[Provided records Boundary: Start]

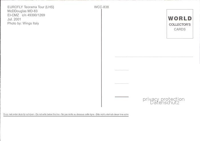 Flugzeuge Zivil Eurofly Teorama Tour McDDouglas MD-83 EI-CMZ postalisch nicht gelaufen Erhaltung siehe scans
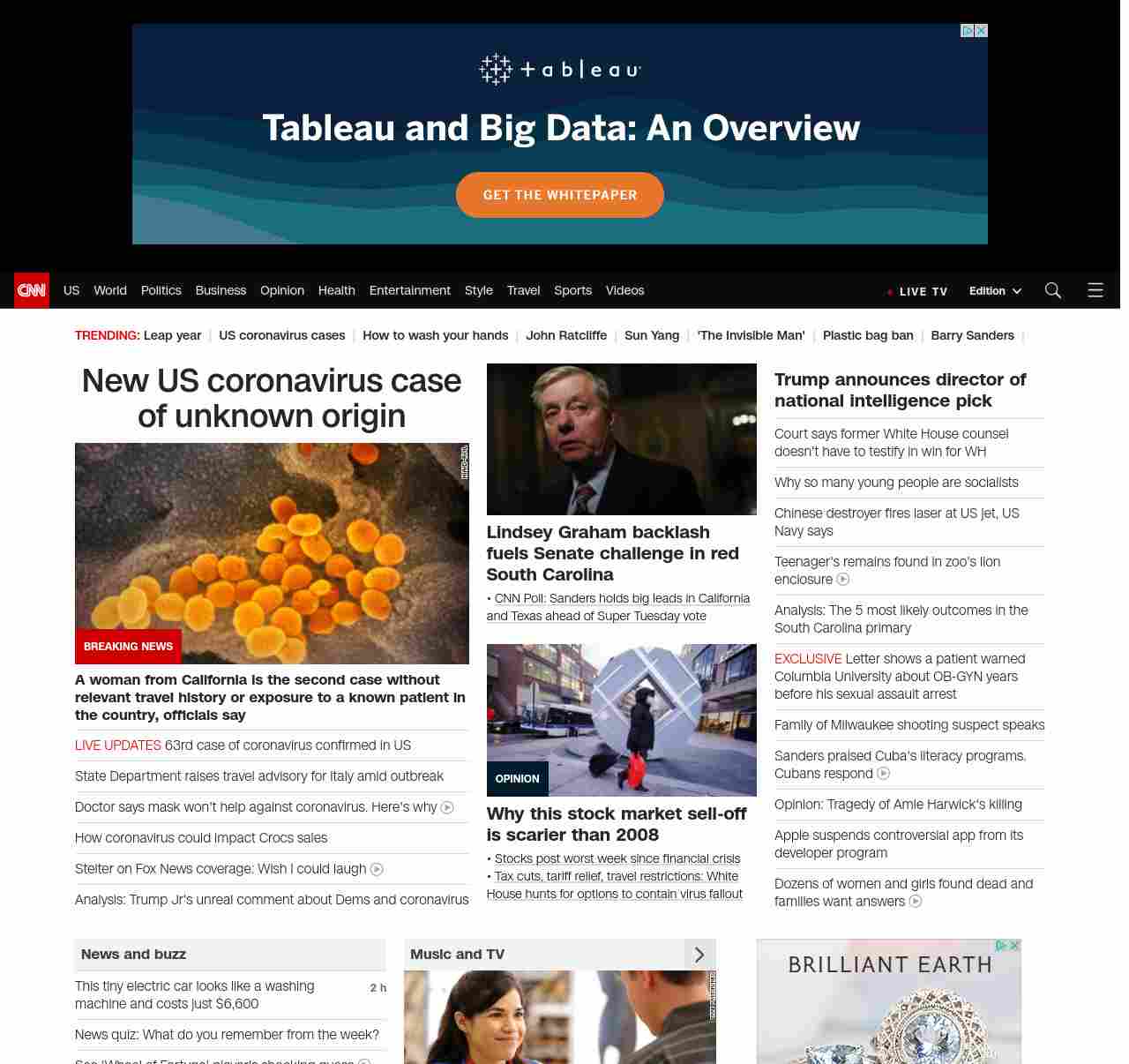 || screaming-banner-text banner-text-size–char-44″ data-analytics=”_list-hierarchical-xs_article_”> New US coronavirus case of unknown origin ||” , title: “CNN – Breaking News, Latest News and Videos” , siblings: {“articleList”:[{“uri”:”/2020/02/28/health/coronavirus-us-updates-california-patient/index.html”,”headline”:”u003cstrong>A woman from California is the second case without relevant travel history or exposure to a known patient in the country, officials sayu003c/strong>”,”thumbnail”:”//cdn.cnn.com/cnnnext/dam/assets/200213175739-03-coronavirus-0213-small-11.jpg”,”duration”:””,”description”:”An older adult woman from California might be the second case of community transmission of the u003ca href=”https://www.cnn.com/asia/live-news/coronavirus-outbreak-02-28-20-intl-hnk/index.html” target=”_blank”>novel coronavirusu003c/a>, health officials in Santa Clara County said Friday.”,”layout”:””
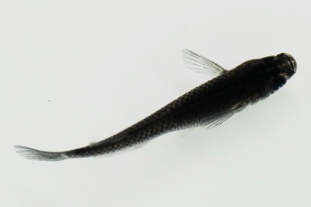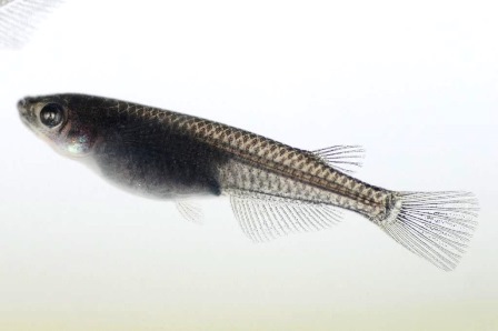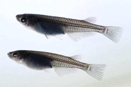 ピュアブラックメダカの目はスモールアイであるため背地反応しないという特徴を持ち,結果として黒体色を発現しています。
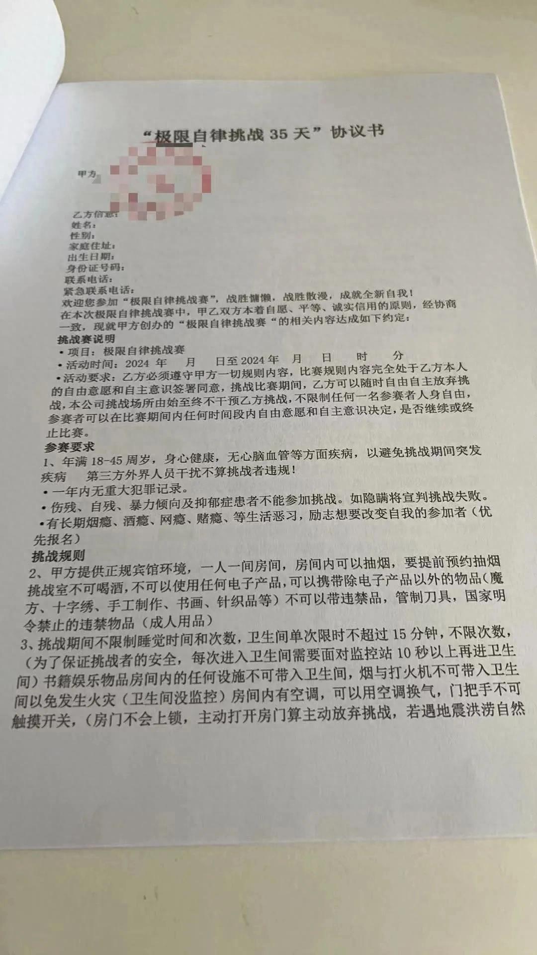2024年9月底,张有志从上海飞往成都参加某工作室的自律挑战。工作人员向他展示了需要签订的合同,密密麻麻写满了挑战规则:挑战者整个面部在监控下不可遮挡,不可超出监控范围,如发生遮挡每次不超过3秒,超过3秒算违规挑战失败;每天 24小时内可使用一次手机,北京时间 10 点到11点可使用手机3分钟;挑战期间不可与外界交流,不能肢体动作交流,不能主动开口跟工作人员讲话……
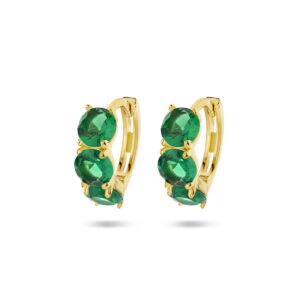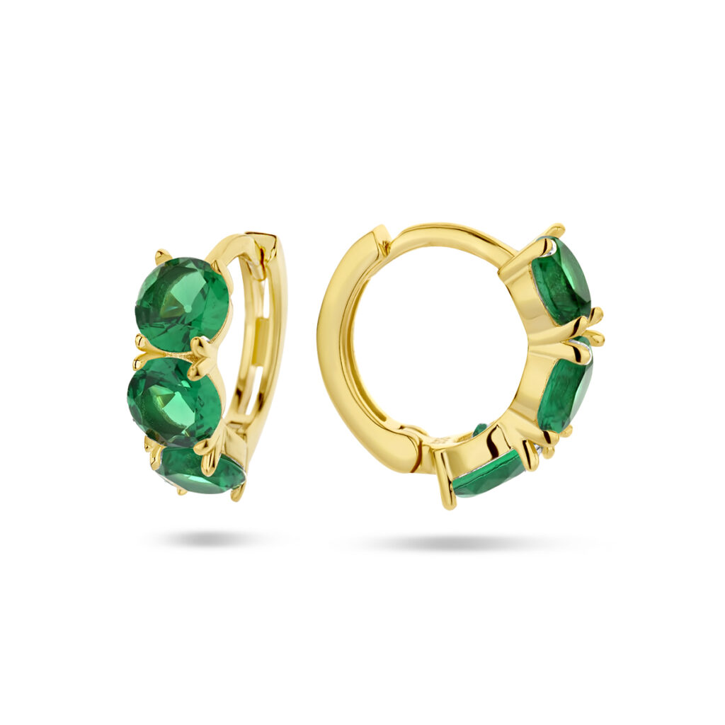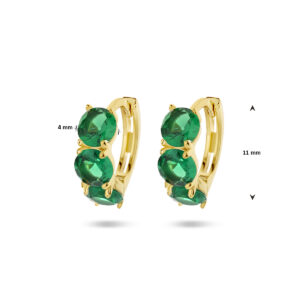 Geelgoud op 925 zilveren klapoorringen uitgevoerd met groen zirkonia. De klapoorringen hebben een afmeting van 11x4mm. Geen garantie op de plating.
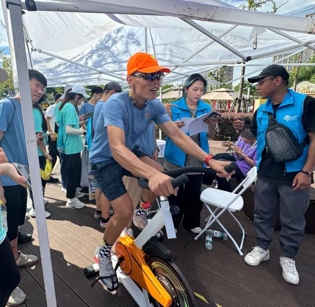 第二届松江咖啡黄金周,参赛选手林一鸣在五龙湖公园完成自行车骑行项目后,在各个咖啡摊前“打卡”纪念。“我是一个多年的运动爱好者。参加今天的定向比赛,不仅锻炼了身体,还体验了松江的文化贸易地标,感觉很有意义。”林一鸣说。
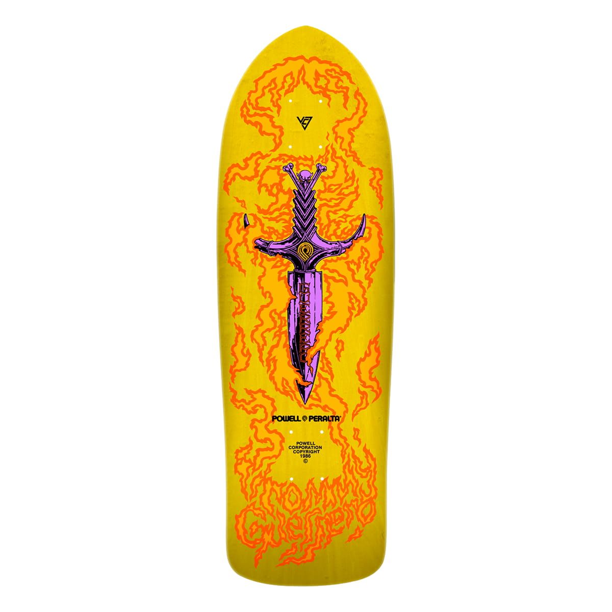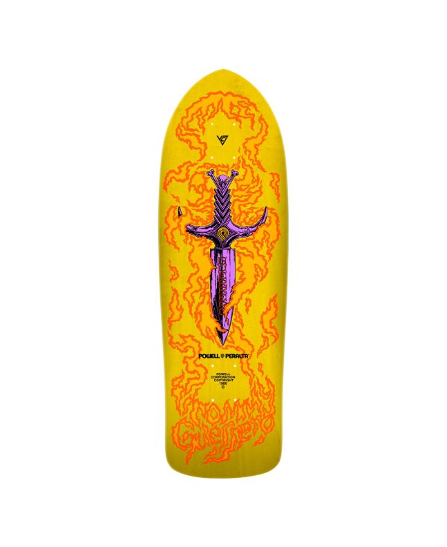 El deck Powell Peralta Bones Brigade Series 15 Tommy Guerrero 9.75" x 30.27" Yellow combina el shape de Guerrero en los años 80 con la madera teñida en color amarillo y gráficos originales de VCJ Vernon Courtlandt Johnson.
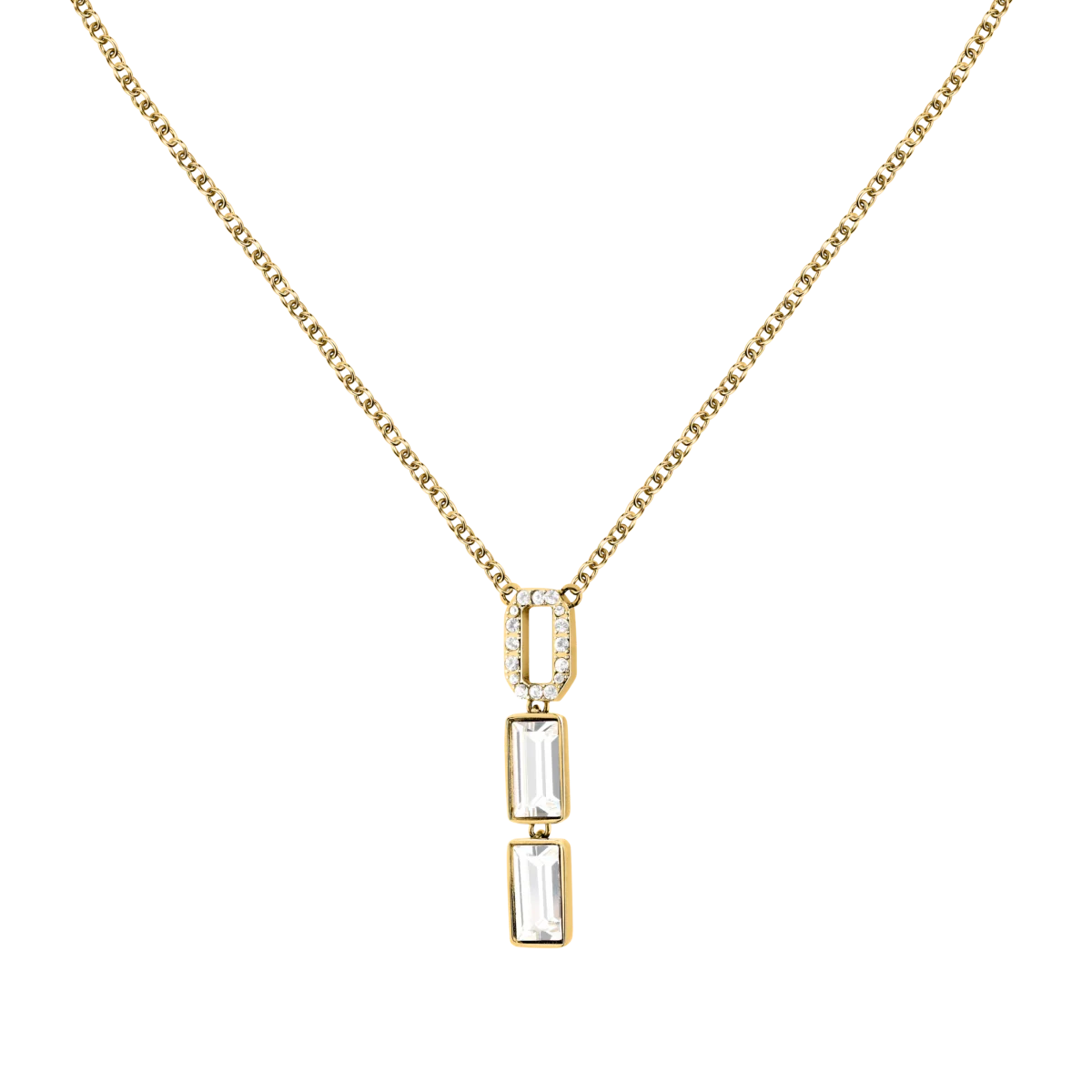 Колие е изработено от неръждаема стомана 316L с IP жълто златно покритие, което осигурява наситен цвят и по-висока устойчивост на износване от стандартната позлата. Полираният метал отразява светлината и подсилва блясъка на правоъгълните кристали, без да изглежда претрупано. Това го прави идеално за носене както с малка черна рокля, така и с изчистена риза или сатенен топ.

[Provided records Boundary: End]

• _Task brief_: Leave the pictures out and print the records above exactly as they stand.

• _Answer to this exercise_:
 Flugzeuge Zivil Eurofly Teorama Tour McDDouglas MD-83 EI-CMZ postalisch nicht gelaufen Erhaltung siehe scans
 || screaming-banner-text banner-text-size–char-44″ data-analytics=”_list-hierarchical-xs_article_”> New US coronavirus case of unknown origin ||” , title: “CNN – Breaking News, Latest News and Videos” , siblings: {“articleList”:[{“uri”:”/2020/02/28/health/coronavirus-us-updates-california-patient/index.html”,”headline”:”u003cstrong>A woman from California is the second case without relevant travel history or exposure to a known patient in the country, officials sayu003c/strong>”,”thumbnail”:”//cdn.cnn.com/cnnnext/dam/assets/200213175739-03-coronavirus-0213-small-11.jpg”,”duration”:””,”description”:”An older adult woman from California might be the second case of community transmission of the u003ca href=”https://www.cnn.com/asia/live-news/coronavirus-outbreak-02-28-20-intl-hnk/index.html” target=”_blank”>novel coronavirusu003c/a>, health officials in Santa Clara County said Friday.”,”layout”:””
 ピュアブラックメダカの目はスモールアイであるため背地反応しないという特徴を持ち,結果として黒体色を発現しています。
2024年9月底,张有志从上海飞往成都参加某工作室的自律挑战。工作人员向他展示了需要签订的合同,密密麻麻写满了挑战规则:挑战者整个面部在监控下不可遮挡,不可超出监控范围,如发生遮挡每次不超过3秒,超过3秒算违规挑战失败;每天 24小时内可使用一次手机,北京时间 10 点到11点可使用手机3分钟;挑战期间不可与外界交流,不能肢体动作交流,不能主动开口跟工作人员讲话……
 Geelgoud op 925 zilveren klapoorringen uitgevoerd met groen zirkonia. De klapoorringen hebben een afmeting van 11x4mm. Geen garantie op de plating.
 第二届松江咖啡黄金周,参赛选手林一鸣在五龙湖公园完成自行车骑行项目后,在各个咖啡摊前“打卡”纪念。“我是一个多年的运动爱好者。参加今天的定向比赛,不仅锻炼了身体,还体验了松江的文化贸易地标,感觉很有意义。”林一鸣说。
 El deck Powell Peralta Bones Brigade Series 15 Tommy Guerrero 9.75" x 30.27" Yellow combina el shape de Guerrero en los años 80 con la madera teñida en color amarillo y gráficos originales de VCJ Vernon Courtlandt Johnson.
 Колие е изработено от неръждаема стомана 316L с IP жълто златно покритие, което осигурява наситен цвят и по-висока устойчивост на износване от стандартната позлата. Полираният метал отразява светлината и подсилва блясъка на правоъгълните кристали, без да изглежда претрупано. Това го прави идеално за носене както с малка черна рокля, така и с изчистена риза или сатенен топ.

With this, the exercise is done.